Miss Robertson came on deck without any covering on her head, and the wind blew her hair away from its fastenings and floated it out like a cloud of gold. She held on to the rail and stared at the coming ship with wild eyes and a frowning forehead, while the steward, who had fallen crazy with the sight of the ship, clambered once more into the mizzen rigging, and shouted and beckoned to the vessel as a little child would.
It did not take me long, however, to recover my own reason, the more especially as I felt that we might require all the sense we had when the ship rounded and hove to. I could not, indeed, hope that they would send a boat through such a sea; they would lie by us and send a boat when the sea moderated, which, to judge by the barometer and the high and beaming sky, we might expect to find that night or next morning; and then we should require our senses, not only to keep the pumps going, but to enter the boat calmly and in an orderly way, and help our rescuers to save our lives.
The boatswain leaned against the companion hatchway with his arms folded, contemplating the approaching ship with a wooden face. Variously and powerfully as the spectacle of the vessel had affected Cornish and Miss Robertson, and myself and the steward, on the boatswain it had scarcely produced any impression.
I know not what kind of misgiving came into my mind as I looked from the coming ship to his stolid face.

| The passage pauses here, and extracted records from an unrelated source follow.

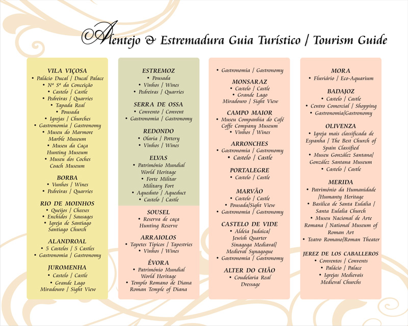Vila Viçosa é o ideal ponto de partida na descoberta dos ricos roteiros turísticos existentes no alentejo, tais como dos vinhos, azeite, mármores, castelos, monumentos megalíticos e muitos outros.
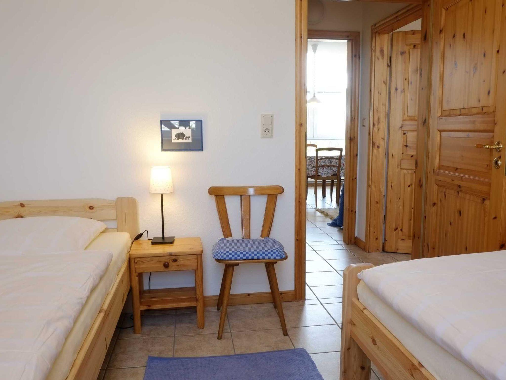 Unsere Ferienwohnung 1 liegt im ersten Stock und ist über eine Außentreppe zu erreichen. Es ist gleich die erste Wohnung am Aufgang. Die Fenster des Wohnraumes blicken nach Süden, die der Schlafzimmer nach Norden, und aus allen Fenstern blickt man auf die Ostsee. Auf der Südseite vor der Wohnung gibt es eine kleine Sitzmöglichkeit auf der Balustrade mit Blick auf die Ostsee. Der Fußboden in allen Zimmern ist gefliest. Die Wohnung verfügt über jeweils zwei Schlafzimmer, eines mit Doppelbett, eines mit zwei Einzelbetten, einen großzügigen Wohnraum und ein Duschbad. Im Wohnraum gibt es eine Fernsehecke mit einem Ecksofa, einen Essplatz für vier Personen, und eine kleine Küchenzeile. Zusätzlich hat die Ferienwohnung 1 noch eine kleine Leseecke.
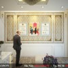 Biển tên được làm bằng chất liệu Mica phát sáng nổi bật trên nền hoa văn màu vàng sang trọng, tạo được ấn tượng đến với khách hàng.
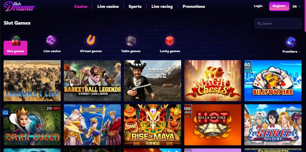 Slots Dreamer Casino works with top software companies to offer a big variety of fun and fair games. You can find slot machines, live casinos, virtual games, lucky games, bingo, and table games in the lobby. All games are playable on mobile. Here are some exciting slot games on the platform:
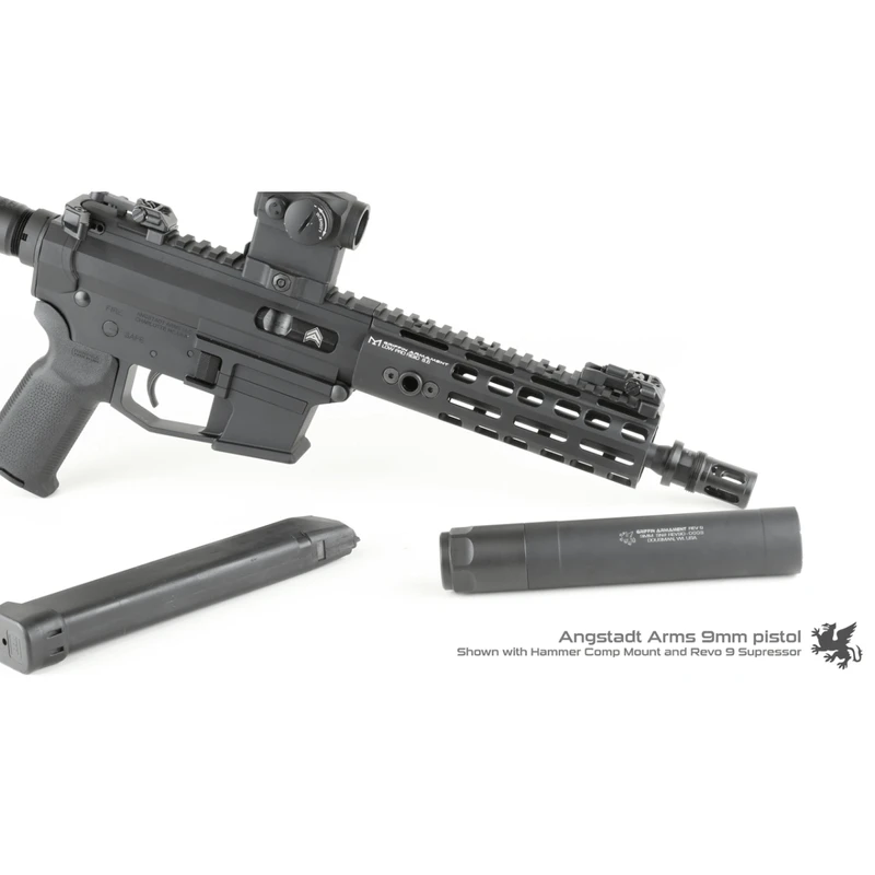 The Griffin Armament taper mount muzzle devices interface with their taper mounted suppressor (RECCE, PALADIN®, Sportsman, Optimus®). To be compatible with the Optimus® 9, THE BLAST BAFFLE MUST BE REMOVED.
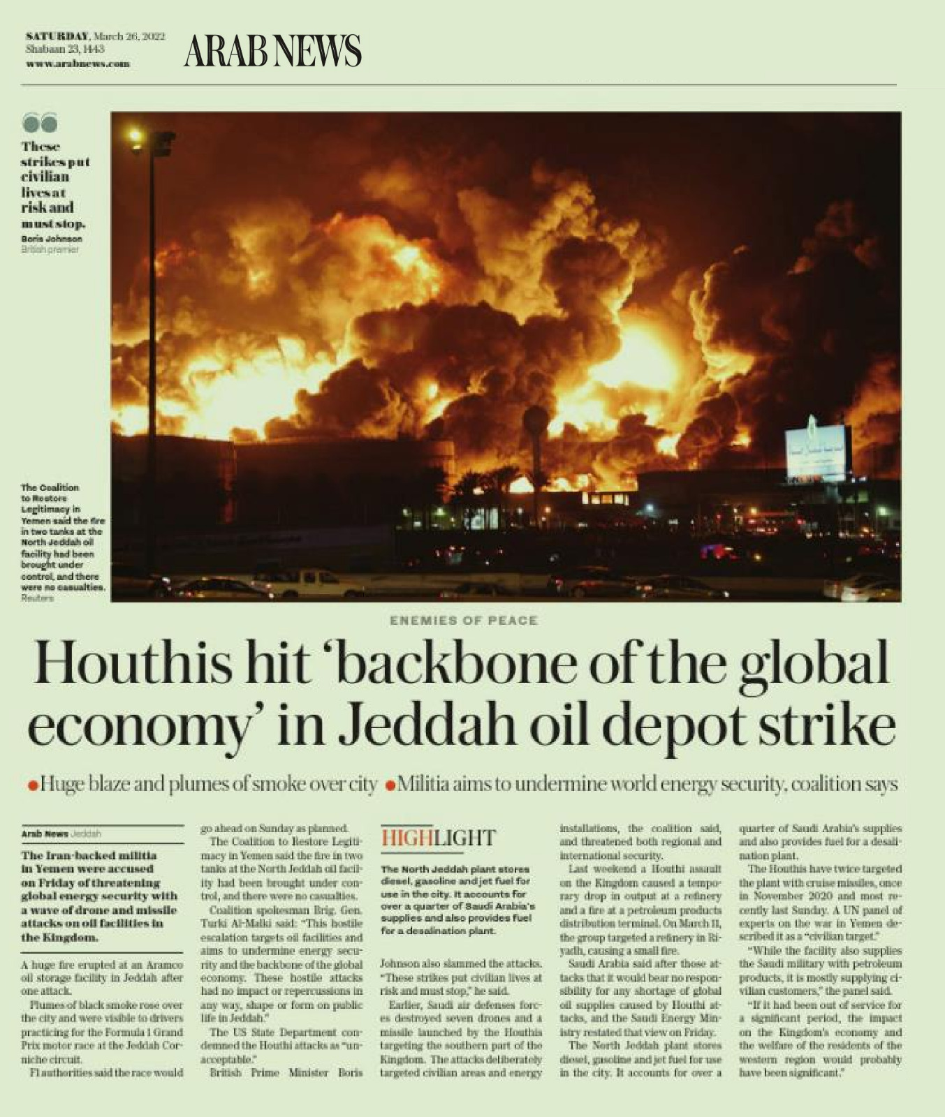 Secondo un portavoce della forze armate saudite, il Generale Turki Al-Malki: “Questa escalation ostile prende di mira gli impianti petroliferi e intende minare la sicurezza energetica e la spina dorsale dell’economia saudita. Sono attacchi ostili che non hanno avuto alcun impatto o ripercussione sulla vita pubblica di Gedda”.
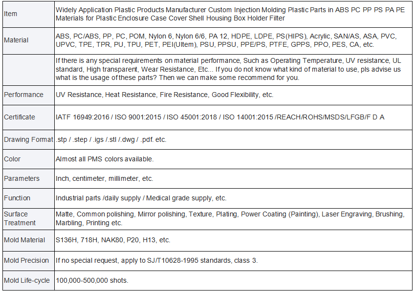One-stop Custom Plastic Injection Service In order to quote you as soon as possible, please provide us the following information together with your inquiry. 1) Detailed drawings (CAD/PDF/DWG/IGS/STEP/JPG) 2) Materials required 3) Surface treatment 4) Quantity (per order/per month/annual) 5) Any special demands or requirements, such as packing, labels,delivery,etc.
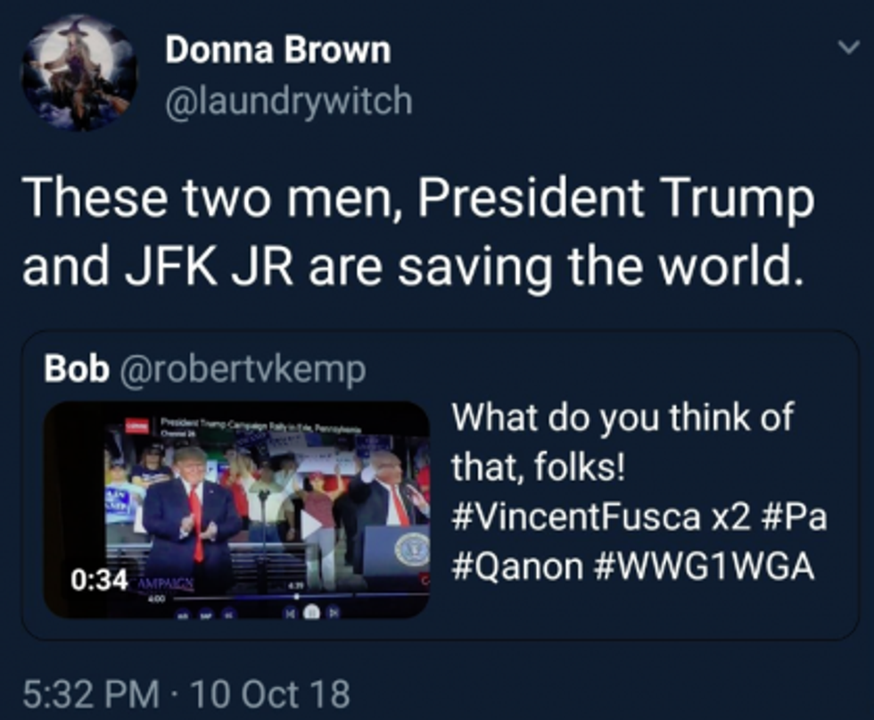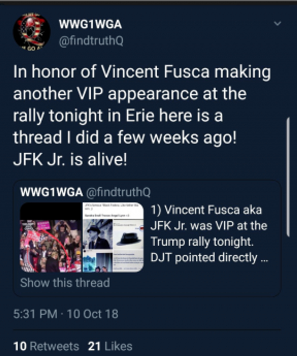 The reason this caused such excitement, View explains, is that QAnon supporters believe that Fusca is actually JFK Jr., as documented by the tweets below.
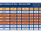 Roma - Si chiude un primo trimestre complicato per le vendite di vino italiano all’estero, con i volumi piatti (+0,1%) e una performance tendenziale in

I had infinite confidence in this man's judgment and bravery, and his lifelessness on this occasion weighed down upon me like a heavy presentiment, insomuch that the cheery gratulatory words I was about to address to Miss Robertson died away on my lips.
I should say that we had sighted this vessel's upper sails when she was about seventeen miles distant, and, therefore, coming down upon us before a strong wind, and helped onwards by the long running seas, in less than half an hour her whole figure was plain to us upon the water.
I examined her carefully through the glass, striving to make out her nationality by the cut of her aloft. I thought she had the look of a Scotch ship, her hull being after the pattern of the Aberdeen clippers, such as I remembered them in the Australian trade, painted green, and she was also rigged with skysail-poles and a great breadth of canvas.
I handed the glass to the boatswain, and asked him what country he took her to be of. After inspecting her, he said he did not think she was English; the colour of her canvas looked foreign, but it was hard to tell; we should see her colours presently.
As she approached, Miss Robertson's excitement grew very great; not demonstrative—I mean she did not cry out nor gesticulate like the steward in the rigging; it was visible, like a kind of madness, in her eyes, in her swelling bosom, in a strange, wonderful, brilliant smile upon her face, such as a great actress might wear in a play, but which we who observe it know to be forced and unreal.
I ran below for the fur cap and coat, and made her put them on, and then drew her away from the ship's side and kept close to her, even holding her by the hand for some time, for I could not tell what effect the sight of the ship might produce upon her mind, already strung and weakened by privation and cruel sorrow and peril.